İkinci yarı arayışı içinde

Boşanmış bir adam, adliyeden pasaportuna damga basar çıkarmaz kelimenin tam anlamıyla bir kadını arıyor. Ve bu bir efsane değil, neredeyse herkesin yüzleştiği bir gerçeklik. Gerçek şu ki, evli olmanın, insanlığın güçlü bir yarısının temsilcisinin çok sayıda cinsel partner ve bağlayıcı olmayan tahvilleri fantezileştirmesidir. Erkekler bütün bunları büyük bir coşkuyla somutlaştırmaya başlar, ancak yakında bu yaşam tarzı sıkıcı hale gelir.

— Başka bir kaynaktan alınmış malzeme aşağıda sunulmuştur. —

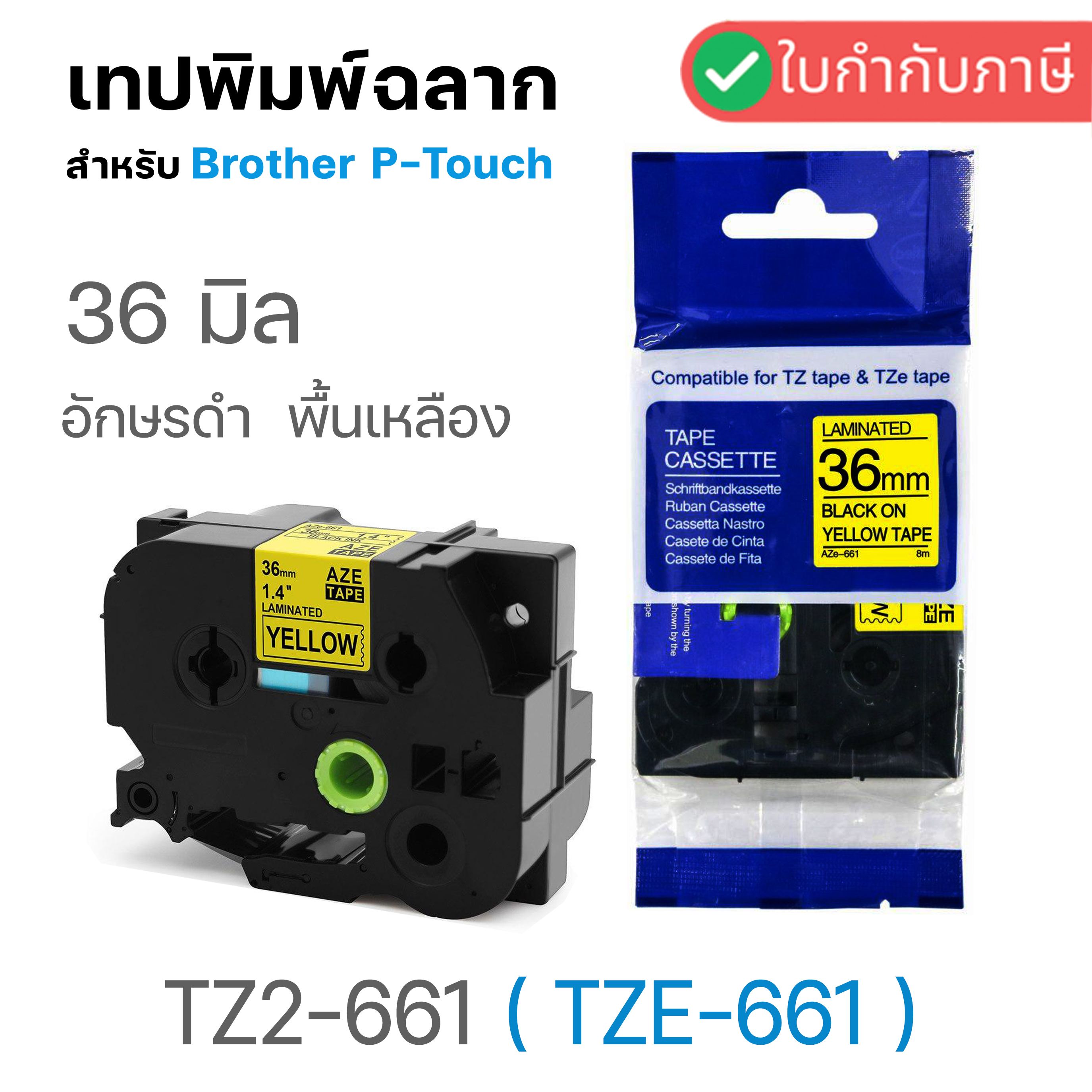 รหัสสินค้า : LBT-TZ36-BKYE สีตัวอักษร : ดำ สีพื้นเทป : เหลือง

Gerçekte, istenen bir yaşam tarzına liderlik etmek için çok fazla güç gereklidir, ancak sonuç her zaman beklentileri aşmaz. Psikologlar, ön okşamaların olmasa bile, eşlerin birbirlerinden çok hızlı bir şekilde heyecanlandığını ve fiziksel deşarjın beş ila sekiz dakika içinde gerçekleştiğini söylüyorlar. Fakat yeni bir partnerle, bir erkek her zaman iyi değildir - vücudunun başka bir kadın için bir ortamı yoktur, seks avı fiziksel ve duygusal olarak pahalıdır. Dahası, bedensel bağlantıdan başka, ortaklar arasında başka hiçbir şey ortaya çıkmaz ve zamanla, oğulları Adem ile başlar.

Bir erkek bütün ihtiyaçlarını karşılayabilecek bir kadın arıyor ve sadece kısa süreli bir ilişki alıyor. Sık sık boşanmış seks temsilcileri boşanmış, sadece evlilik hayal başka tür bir kadın var. Bu hanımlar “erkeklerin psikolojisi” gibi bir terime aşina değillerdir. Boşandıktan sonra, nadir bir özgür adam üç yıl evlenmeye hazır olacak ve bu nedenle yeni çiftlerde çatışmalar ortaya çıkacaktır.

Boşandıktan sonra bir erkeğin bir tür tuzağa düştüğünü söyleyebiliriz - özgürlüğüne kavuşur, ancak birkaç hayal kırıklığından sonra kullanma arzusunu hissetmez.

""

Videoyu izle: HAKKIMDA BİLİNMEYEN 10 GERÇEK! - Enteresan bilgiler (Mayıs Ayı 2024).